Our last objective is to color code our “Match” columns so that True values show as green and False ones show as red. To do that, we select our column in the table and apply Conditional formatting, as shown in Figure 18-15.
Power BI conditional formatting
is not yet as flexible as Excel’s and thus we can’t apply formatting with non-numeric data. That’s why we created the additional conditional column back in Figure 18-13. As we see in Figure 18-16, we change the Format style to Rules, leave the Apply to as Values only, and then choose our What field should we base this on? to be our Office Symbol Status Color column. We leave it as Sum, but Average, Minimum, or Maximum would all have worked the same.
We edit the first rule to be = 0 as a Number and then choose red as the color. We add a New rule and use = 1 as a Number. We choose a variation of green (#039703 hex value) for its color. Figure 18-17 shows the final result.

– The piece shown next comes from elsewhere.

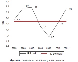 Así mismo, la inflación (3,17%) estuvo cercana a la meta fijada por el Banco Central, que fue para ese año el 3%, con un rango entre 2% y 4%. Si bien en rigor no puede afirmarse que la situación observada en 2010 corresponde al «estado estacionario», sí corresponde a una situación de operación que parece reflejar bien un funcionamiento típico de la misma. Por otra parte, se han presentado cambios importantes en los últimos años en el país, que han elevado en la segunda mitad de la década de los 2000 el crecimiento potencial de la economía, que ha pasado de niveles del orden del 2,5% en el período 2002-2004 al 4,4%. Ello refleja transformaciones importantes en las condiciones económicas, como lo ilustra el grupo de variables que se muestran en la tabla B1 de este anexo.

While this is a comparable amount of work to the Access solution, the big advantage is that updated feeds could be uploaded to Teams or another location and processed via Power BI’s
scheduled refresh. The report can easily be shared with other staff. They just use the two slicers and, if needed, export the problem data. This is MUCH easier and less prone to error than the Access solution.
Summary
In this chapter, we took a common example of needing to determine if data from multiple systems was consistent. We first looked at a “legacy” technique of using Microsoft Access queries to do the job. We then examined how to create a reusable solution in Power BI via Merged Queries. We added slicers and conditional formatting to easily see unmatched data. Powerful indeed!